The market remains nervous despite the fact that the forward price curve has flattened considerably, supply has increased, stocks have started to build, and refining margins have improved.

In its most recent Oil Market Report (OMR), IEA estimates that world oil production averaged 77.43 million b/d in September, up 380,000 b/d from August, primarily due to an increase in Organization of Petroleum Exporting Countries' production.

IEA estimates that worldwide demand for crude in the third quarter of this year trailed supply by 1.6 million b/d. As the futures market has recently moved into mild backwardation, crude stocks are beginning to build, but there is disagreement over the degree to which inventories are growing.

The consensus earlier this month at the meeting of the Houston chapter of the International Association for Energy Economics was that IEA is overstating worldwide supply by a substantial margin and that as long as the market remains in backwardation, any building of crude inventories would be minimal. A second quarter stockbuild of 2.4 million b/d, as reported in the OMR, was deemed unlikely given market fundamentals.

Low heating oil stocks
IEA reports that August crude stocks dipped in Organization for Economic Cooperation and Development European countries and OECD Pacific countries due to a surge in refinery runs, but increased slightly in OECD North America as imports increased, the peak driving season ended, and scheduled refinery maintenance resumed.

There is currently no shortage of crude, but the problem of low product inventories prompts the question of whether the upcoming winter heating season will be mild or unseasonably cold. Will there be enough product available to meet demand when refineries are already running near capacity and stocks are starting the season at unusually low levels?

An increase in refinery throughputs during the third quarter has suppressed crude injections into storage at a time of the year when inventories usually grow. Refinery throughputs in OECD countries increased 1.2% in August to 39.6 million b/d. Despite high levels of refinery utilization, total product stocks for all OECD countries were up only 200,000 b/d in August because of higher demand. IEA estimates September OECD throughputs at 38.8 million b/d.

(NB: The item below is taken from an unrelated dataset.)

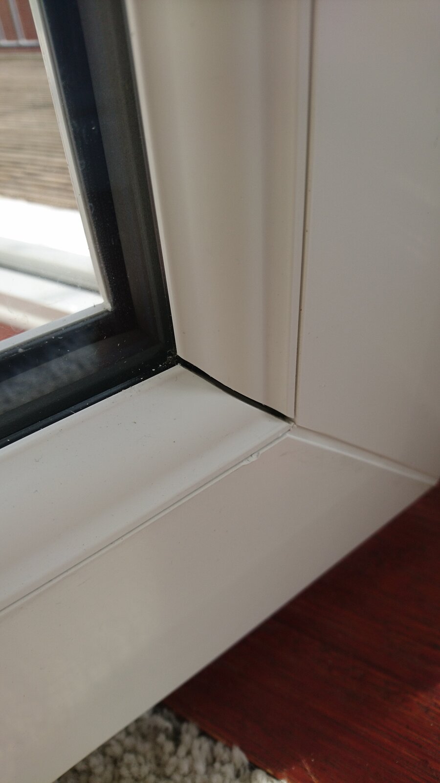 The fitters came and fix the new doors on Tuesday, it seems almost ok. Two questions: 1st: there are "breaks"/space/cracks in between the white thing ( I will call it tape) around the glass in the corners, in a couple of places (as per the photo number 1), this is only on the inside (= so inside the house). The outside corners have been sealed. Are those "breaks" ok on the inside part of the window, or should they be sealed as well or can they be left like this? The 2nd: only today I have notices a scratch on the glass, it is very small - about 2.5cm, this is double glazed window so it is on the outer glass, but somehow inside, so you can not feel it, you can only see it. Is it ok?
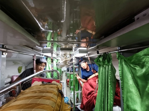 車内は日の高い内は普通の座席で、買い込んだ駅弁や途中駅で乗り込んでくる物売りから串焼き&もち米を買って食べたりしてましたが、7時前になると係員さんがやってきて椅子をベッドに変形させシーツやら枕やらをセットしてくれ、あっと言う間に寝台ベッドに早変わり。

According to the OMR, total industry stocks in OECD countries fell 400,000 b/d in August on the 500,000 b/d increase in OECD refinery throughputs and a 1-2 million b/d increase in global product demand. Stocks of distillate continue to be a major source of concern, according to the report: "Primary heating oil stocks in key consuming regions are extremely low, and stocks in general need to be replenished before arrival of winter if the Atlantic Basin is to avoid regional supply imbalances. Driven by supply and deliverability concerns, record high natural gas and electricity prices are exacerbating this heating oil situation as they encourage fuel substitution into oil."

Assuming normally cold winter weather, IEA expects worldwide demand for crude oil to increase nearly 3 million b/d in the fourth quarter, with almost half of that increase occurring in Asia, 1 million b/d in Europe, and 400,000 b/d in North America.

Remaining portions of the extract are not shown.